The records —
====================

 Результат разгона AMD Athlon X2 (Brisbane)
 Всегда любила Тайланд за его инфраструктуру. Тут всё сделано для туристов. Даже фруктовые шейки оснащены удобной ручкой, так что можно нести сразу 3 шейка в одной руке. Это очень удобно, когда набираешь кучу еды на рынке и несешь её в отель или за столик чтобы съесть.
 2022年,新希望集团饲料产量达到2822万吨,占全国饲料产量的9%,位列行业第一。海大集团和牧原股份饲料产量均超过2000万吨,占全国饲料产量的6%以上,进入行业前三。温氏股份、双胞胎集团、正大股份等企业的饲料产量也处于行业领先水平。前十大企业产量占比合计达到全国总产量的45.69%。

====================

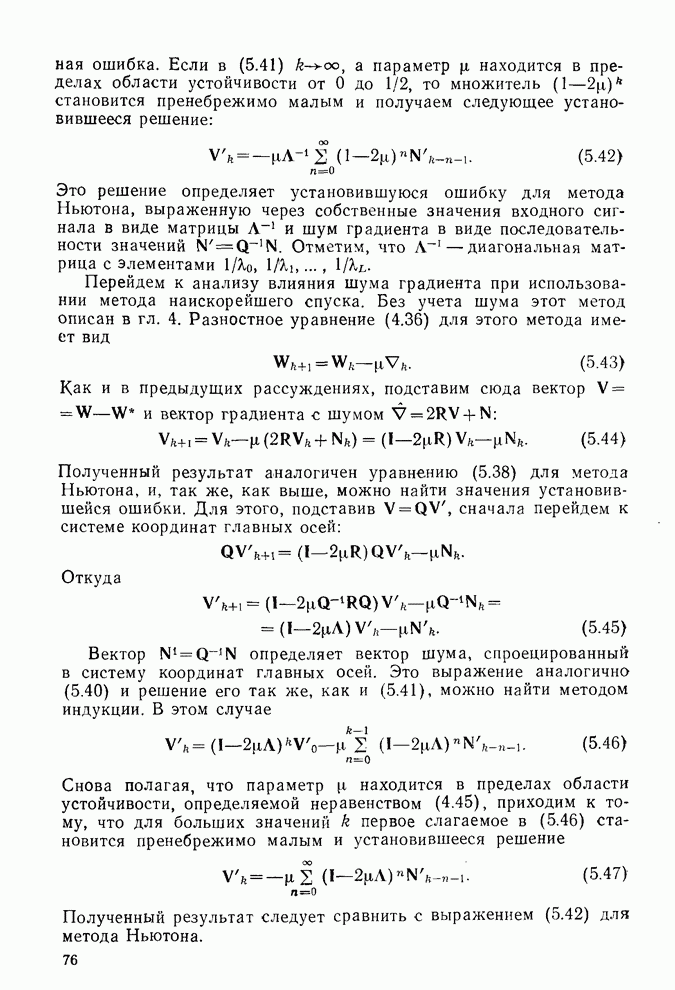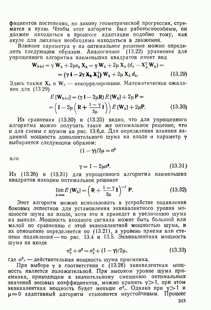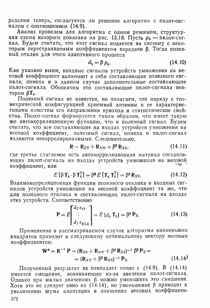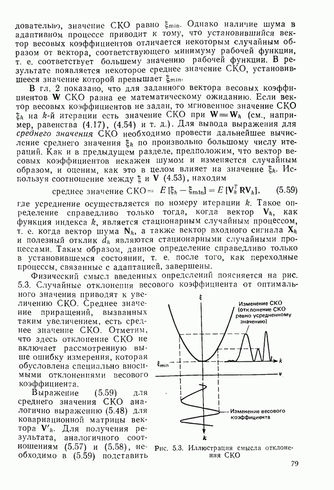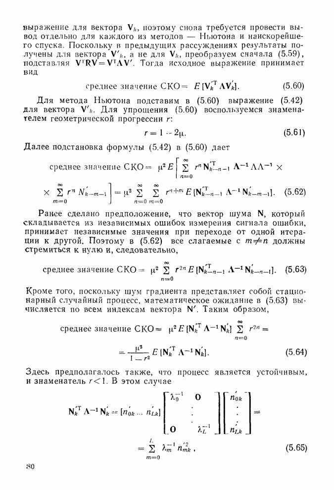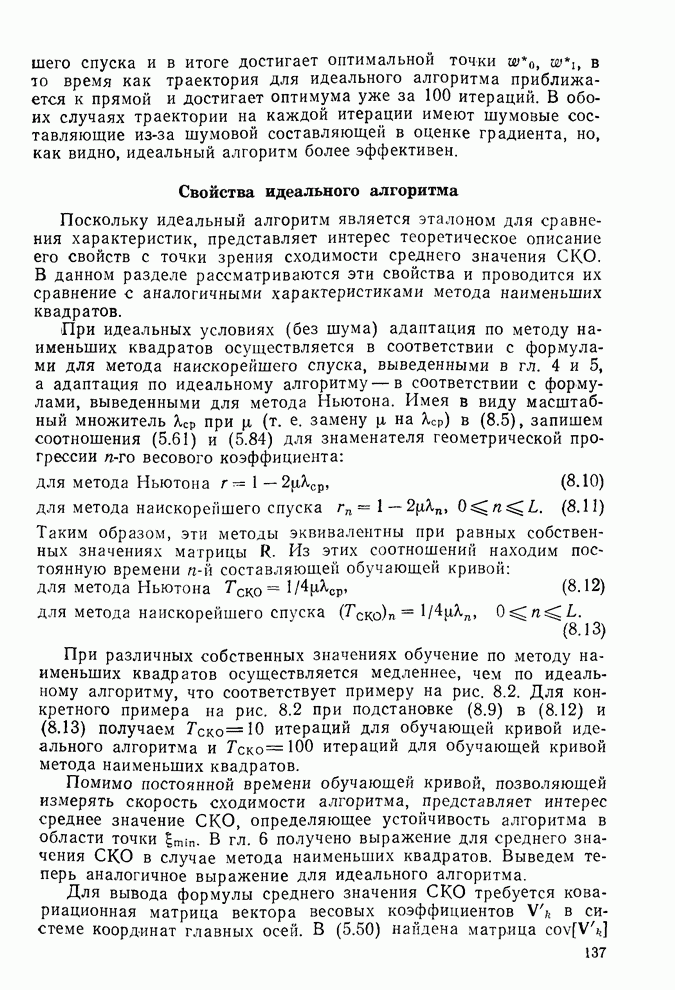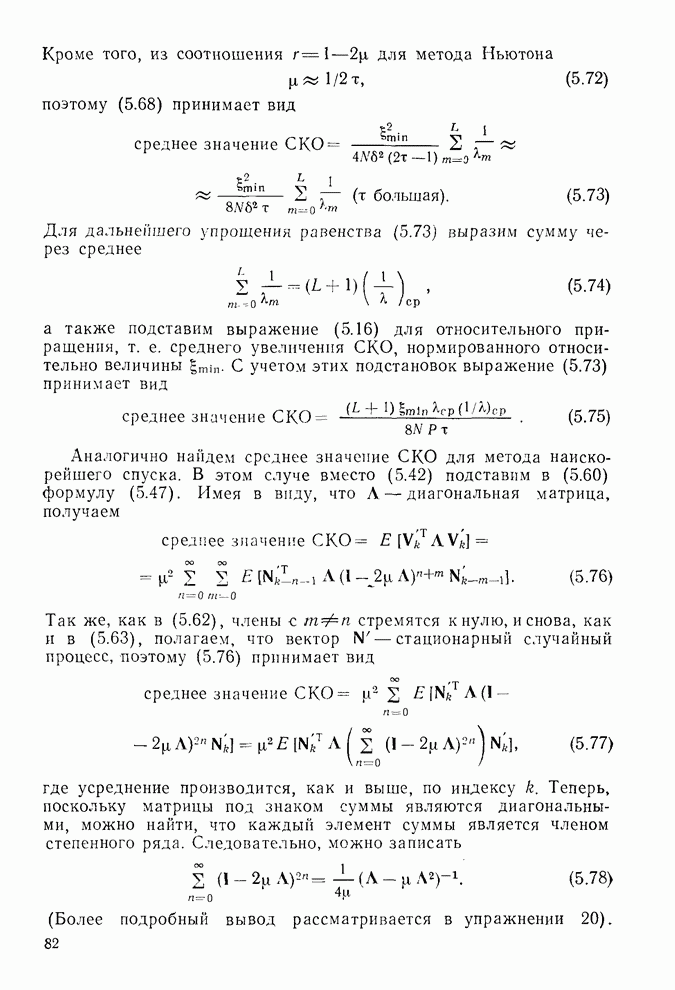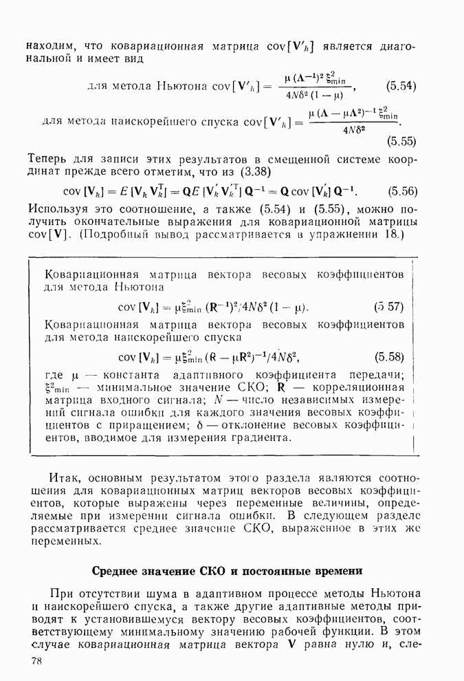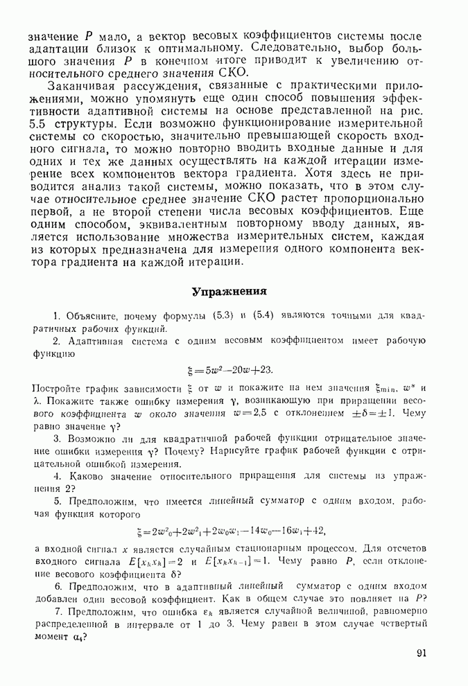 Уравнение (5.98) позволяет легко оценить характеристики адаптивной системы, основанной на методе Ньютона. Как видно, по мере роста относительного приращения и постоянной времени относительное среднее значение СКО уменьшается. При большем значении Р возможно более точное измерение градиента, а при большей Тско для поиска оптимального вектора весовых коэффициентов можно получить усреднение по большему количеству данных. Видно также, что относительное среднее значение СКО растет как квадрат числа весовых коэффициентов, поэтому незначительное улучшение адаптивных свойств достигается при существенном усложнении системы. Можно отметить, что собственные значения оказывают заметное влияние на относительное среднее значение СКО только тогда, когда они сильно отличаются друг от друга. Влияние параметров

====================

What the exercise asks — Above this instruction are the records; retype exactly the lines from the one containing "Всегда любила Тайланд" up to and including the one containing "2022年,新希望集团饲料产".

Answer to this task —
 Всегда любила Тайланд за его инфраструктуру. Тут всё сделано для туристов. Даже фруктовые шейки оснащены удобной ручкой, так что можно нести сразу 3 шейка в одной руке. Это очень удобно, когда набираешь кучу еды на рынке и несешь её в отель или за столик чтобы съесть.
 2022年,新希望集团饲料产量达到2822万吨,占全国饲料产量的9%,位列行业第一。海大集团和牧原股份饲料产量均超过2000万吨,占全国饲料产量的6%以上,进入行业前三。温氏股份、双胞胎集团、正大股份等企业的饲料产量也处于行业领先水平。前十大企业产量占比合计达到全国总产量的45.69%。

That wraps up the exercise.